We will then add variables to our dataframe that show the meanal casualties (i.e., fatalities plus injuries), as well as the total property and crop damage caused by weather events.

data <- mutate(data, CASUALTIES = FATALITIES + INJURIES)
data <- mutate(data, PROPDMG_TOT = PROPDMG * 10^PROPDMGEXP)
data <- mutate(data, CROPDMG_TOT = CROPDMG * 10^CROPDMGEXP)
data <- mutate(data, COST_TOT = PROPDMG_TOT + CROPDMG_TOT)

Now that we have read in, cleaned, and simplified the data for easy manipulation, we can start our analysis.

Results

There are many ways to get an idea of the health and economic effects of weather events. We can look at the total casualities and costs over a given time period to determine the overall significance of a specific type of weather event.
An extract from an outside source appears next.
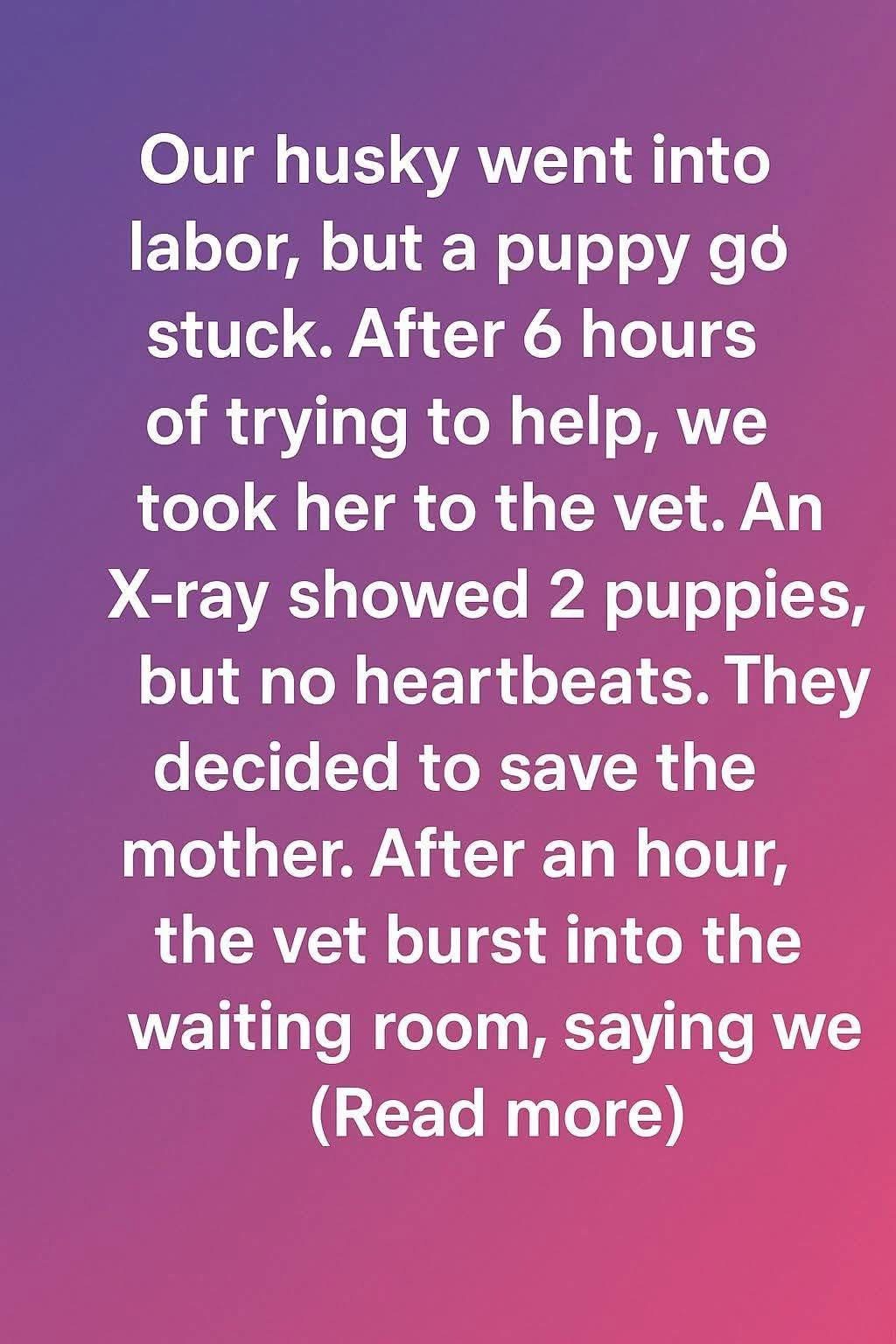 Our husky went into labor, but a puppy got stuck. After six exhausting hours of trying to help, we realized we couldn’t do it alone. With heavy hearts, we rushed her to the nearest emergency vet clinic. The X-ray revealed two puppies inside, but there were no signs of a heartbeat. The vet gently explained that they needed to act fast to save our husky, Luna.

Alternatively, we can look at the mean casualties and costs over a given time period to determine the significance of the typical instantiation of a weather event.

We start by looking at cumulative total effects weather events on public health and economic wellbeing.

library(ggplot2)
library(cowplot)
## Warning: package 'cowplot' was built under R version 3.3.3
## 
## Attaching package: 'cowplot'
## The following object is masked from 'package:ggplot2':
## 
##     ggsave
dataCasual <- data %>%
  group_by(EVTYPE) %>%
  summarize(casualties_tot = sum(CASUALTIES)) %>%
  filter(rank(desc(casualties_tot)) <= 5) %>%
  arrange(desc(casualties_tot))

dataInjur <- data %>%
  group_by(EVTYPE) %>%
  summarize(injuries_tot = sum(INJURIES)) %>%
  filter(rank(desc(injuries_tot)) <= 5) %>%
  arrange(desc(injuries_tot))

dataFatal <- data %>%
  group_by(EVTYPE) %>%
  summarize(fatalities_tot = sum(FATALITIES)) %>%
  filter(rank(desc(fatalities_tot)) <= 5) %>%
  arrange(desc(fatalities_tot))

dataCost <- data %>%
  group_by(EVTYPE) %>%
  summarize(cost_tot = sum(COST_TOT)) %>%
  filter(rank(desc(cost_tot)) <= 5) %>%
  arrange(desc(cost_tot))

dataProp <- data %>%
  group_by(EVTYPE) %>%
  summarize(prop_tot = sum(PROPDMG_TOT)) %>%
  filter(rank(desc(prop_tot)) <= 5) %>%
  arrange(desc(prop_tot))

dataCrop <- data %>%
  group_by(EVTYPE) %>%
  summarize(crop_tot = sum(CROPDMG_TOT)) %>%
  filter(rank(desc(crop_tot)) <= 5) %>%
  arrange(desc(crop_tot))


plotCasual <- dataCasual %>%
  ggplot(aes(reorder(EVTYPE, -casualties_tot), casualties_tot)) + 
  geom_bar(stat="identity", fill = "dodgerblue4") +
  theme(axis.text.x = element_text(size = 7, angle = 45, vjust = 0.5),
        axis.text.y = element_text(size = 7), 
        axis.title.y = element_text(size = 7), 
        axis.title.x = element_text(size = 7),
        plot.title = element_text(size=9)) +
  labs(x = "Weather event type", y = "Total casualties", 
       title = "Total CASUALTIES, 1996-2011")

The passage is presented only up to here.